Auth0 can be used to enhance both existing applications, for which there may be no source code, and new applications, for which source code is available. For existing applications, change the setting that is used to get to the Identity Provider (IdP) for the customers from the existing identity provider to Auth0. This allows Auth0 to operate as a broker between the application and the original customer IdP or external user database. New applications will use the Auth0 APIs through the convenient SDKs that are specific to each mobile device or application framework, along with the renowned Auth0 code samples and customized step-by-step guidance for each specific scenario that developers rave about.

Auth0 adds MFA capability and more to both existing and new applications

Once the applications are using Auth0 as their IdP, Auth0 enables you to service existing customers without them having to change their passwords or take any action whatsoever. Customers can be given the choice to log in with any of the standards-based or popular social and commercial IdPs such as Windows Live, Google, Facebook, Amazon, Salesforce, as a few examples.

Auth0 federates with any OpenID Connect, OAuth or popular IdPs

Once in place, Auth0 provides the solid foundation required to add additional capabilities uniformly across all applications running on mobile devices or on the Web such as providing SSO, password-less authentication, multi-factor authentication, contextual MFA, logging user activity, and more.

It is easy to add contextual multi-factor authentication where and when it is appropriate, on a per-application basis, for each user or group of users.
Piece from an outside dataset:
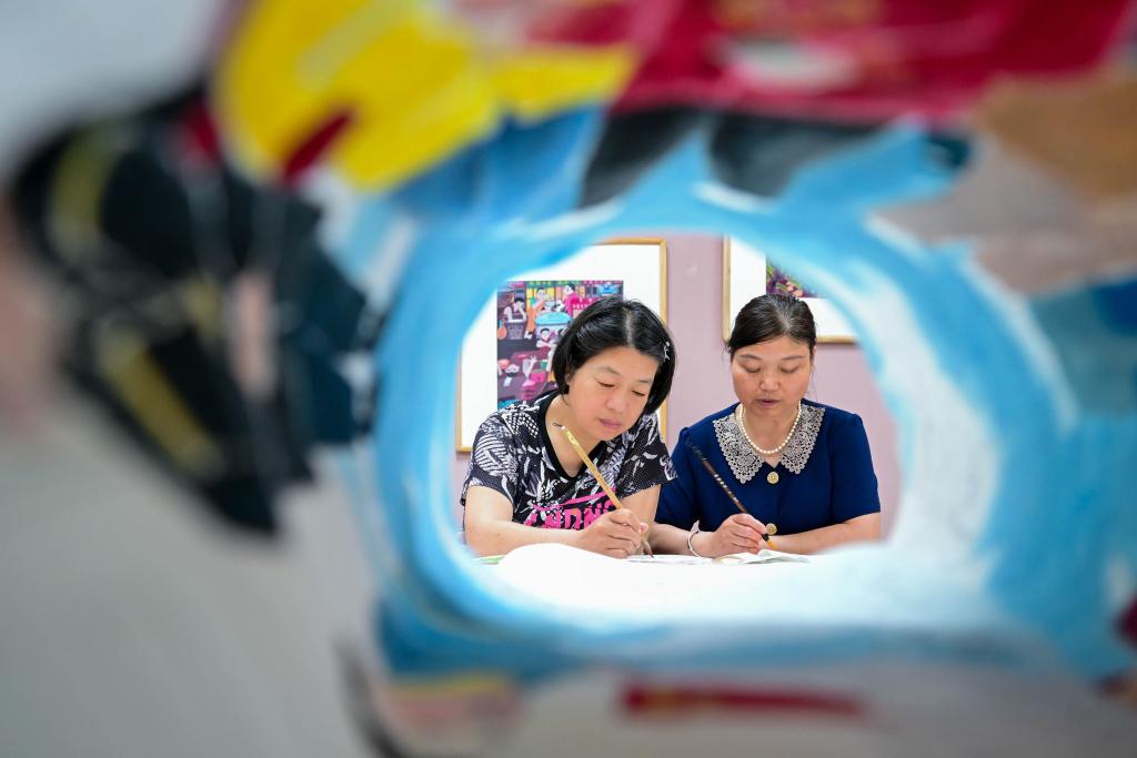 在洛阳市偃师区翟镇镇甄庄农民画研学实践中心,农民画师以独特视角展现乡村风貌,笔触间流露出对生活的热爱。当地在丰富农民文化生活的同时,发展“农民画+文创+旅游+研学”产业链,壮大村集体经济。

Auth0 MFA features include:

(i) Use any of the dozens of MFA solutions that exist today including SMS Text, email, biometric, password-less and more, and be ready to add any new ones easily as they become available or necessary. Auth0 provides support for all MFA service providers through powerful authentication flow “rules”, which are described below.

(ii) Add contextual MFA which allows you to define arbitrary conditions that will trigger additional authentication challenges to your customers for increased security, for example, geographic location (geo-fencing), address or type of network used (IP filtering), time of day, day of the week or change in the location or device being used to log in as described here (https://auth0.com/docs/multifactor-authentication).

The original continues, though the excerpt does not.